Aspiré con más fuerza el refrigerado aire cairota de mi habitación antes de contestar. Y lo hice en un tono más bien didáctico, como si delante de mí tuviera un auditorio formado por estudiantes.

—Hay estrellas que les ayudaban en sus mediciones, ya que las podían ver en el firmamento regularmente. Las dos más importantes eran la Osa Mayor y la Osa Menor.

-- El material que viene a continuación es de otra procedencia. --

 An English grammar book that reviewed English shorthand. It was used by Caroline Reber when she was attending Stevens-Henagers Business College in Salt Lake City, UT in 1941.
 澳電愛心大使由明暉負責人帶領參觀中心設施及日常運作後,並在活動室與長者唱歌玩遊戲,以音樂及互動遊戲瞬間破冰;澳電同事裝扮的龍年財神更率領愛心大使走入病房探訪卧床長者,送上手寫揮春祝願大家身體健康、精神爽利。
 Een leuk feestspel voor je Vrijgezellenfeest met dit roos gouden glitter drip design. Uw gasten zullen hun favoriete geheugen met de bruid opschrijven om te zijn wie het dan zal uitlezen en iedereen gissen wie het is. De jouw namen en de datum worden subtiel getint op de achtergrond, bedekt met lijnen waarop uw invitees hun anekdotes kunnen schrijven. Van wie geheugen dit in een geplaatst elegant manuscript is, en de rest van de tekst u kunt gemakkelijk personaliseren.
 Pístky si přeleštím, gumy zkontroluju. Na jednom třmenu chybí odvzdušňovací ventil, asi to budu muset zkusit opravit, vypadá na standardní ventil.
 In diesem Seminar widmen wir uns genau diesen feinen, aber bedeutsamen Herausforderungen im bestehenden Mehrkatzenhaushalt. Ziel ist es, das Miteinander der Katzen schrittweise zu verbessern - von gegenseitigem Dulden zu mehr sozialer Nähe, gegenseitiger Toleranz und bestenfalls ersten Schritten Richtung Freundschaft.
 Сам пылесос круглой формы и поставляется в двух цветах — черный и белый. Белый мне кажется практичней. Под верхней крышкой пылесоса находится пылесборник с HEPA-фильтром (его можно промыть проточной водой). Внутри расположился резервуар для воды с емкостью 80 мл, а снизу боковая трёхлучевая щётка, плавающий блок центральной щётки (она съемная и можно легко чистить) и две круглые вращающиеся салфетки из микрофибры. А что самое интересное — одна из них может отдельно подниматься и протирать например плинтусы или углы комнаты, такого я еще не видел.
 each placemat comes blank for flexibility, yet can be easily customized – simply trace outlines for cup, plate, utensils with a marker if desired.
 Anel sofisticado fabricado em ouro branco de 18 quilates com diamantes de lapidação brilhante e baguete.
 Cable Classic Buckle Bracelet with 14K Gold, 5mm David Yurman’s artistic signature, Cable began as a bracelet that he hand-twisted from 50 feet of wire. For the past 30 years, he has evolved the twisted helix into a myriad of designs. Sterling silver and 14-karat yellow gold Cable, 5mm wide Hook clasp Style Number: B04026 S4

Mientras yo argumentaba, sin vacilar una sola décima de segundo, había observado a Klug por el rabillo del ojo, y vi cómo se frotaba las manos, nervioso, sin poder disimular su estado anímico. Deduje, acertadamente, como más tarde pude comprobar, que estábamos por el buen camino. Algo de lo que había dicho le era desconocido hasta entonces, o le había ayudado a llegar a la conclusión correcta. Esa era mi íntima sensación, y me incomodaba sentirme utilizado, mucho… sí… mucho, claro que sí.

Divagaciones aparte, con una regla y un lápiz fui trazando líneas entre las pirámides construidas, sin unir las que debían estar y, sin embargo, no se hallaban en su lugar.

Nada… No apareció absolutamente nada. Observé mi rostro en el gran espejo que daba, en perpendicular, a la cama. Era la viva imagen de la frustración, y eso no me gustó.

Incansable —¿qué otra opción tenía?—, tracé ahora líneas hasta donde no había esas dos pirámides y sí…, ahora sí…; algo comenzaba a definirse sobre el papel.

—Fijaos en esto —les anuncié, con tono rimbombante, al trazar unas líneas que convergían en la pirámide de Kefrén—. Yo diría que es de forma algo parecida a una estrella…

Muy a su pesar, Klug asintió a regañadientes.

—De seis puntas, que pueden resultar ser, a su vez, seis direcciones —apuntó al instante Krastiva con una amplia sonrisa, deseosa como estaba de aportar su granito de arena.

—Hay algo más… —avisó Klug con voz queda—. Mirad con atención… Si dibujamos la constelación de Orión, incluyendo las dos pirámides que no están… —Mientras hablaba, iba trazando líneas paralelas, teniendo en cuenta siempre los ejes imaginarios de las pirámides. Después señaló, algo dubitativo, entre la pirámide más cercana al Nilo y la de Keops, añadiendo—: Aquí aparece una pirámide que apunta con su vértice al Nilo. —Mostró un rictus de sorpresa al hacer aquel inesperado descubrimiento.

—Quizás… sí… —admití, reacio—. Vamos a traspasar esa «pirámide» al dibujo que tenemos de Osiris e Isis —sugerí, un tanto emocionado, al ver que al fin teníamos algo entre manos.

La pirámide, al formar las líneas correspondientes, encajó a la perfección. Nuestro ánimo subió varios enteros, como cuando el sol se alzaba por el este y va concediendo, a medida que su luz se hace poderosa, el color a cada ser vivo y, objetivamente, poniéndolo al descubierto, disipando los jirones de oscuridad con que la noche atenaza al mundo al que cubre.

—Allí está de nuevo —señaló el anticuario de Viena con aire triunfal—. ¿Qué crees que puede ser? —Me interrogó con la misma ansiedad de quien se encuentra cerca de su objetivo.

—Es un área muy extensa la que cubren estas líneas. No creo que toda ella pueda ser nada en concreto, pero estoy convencido de que quiere decir algo y, además, algo importante…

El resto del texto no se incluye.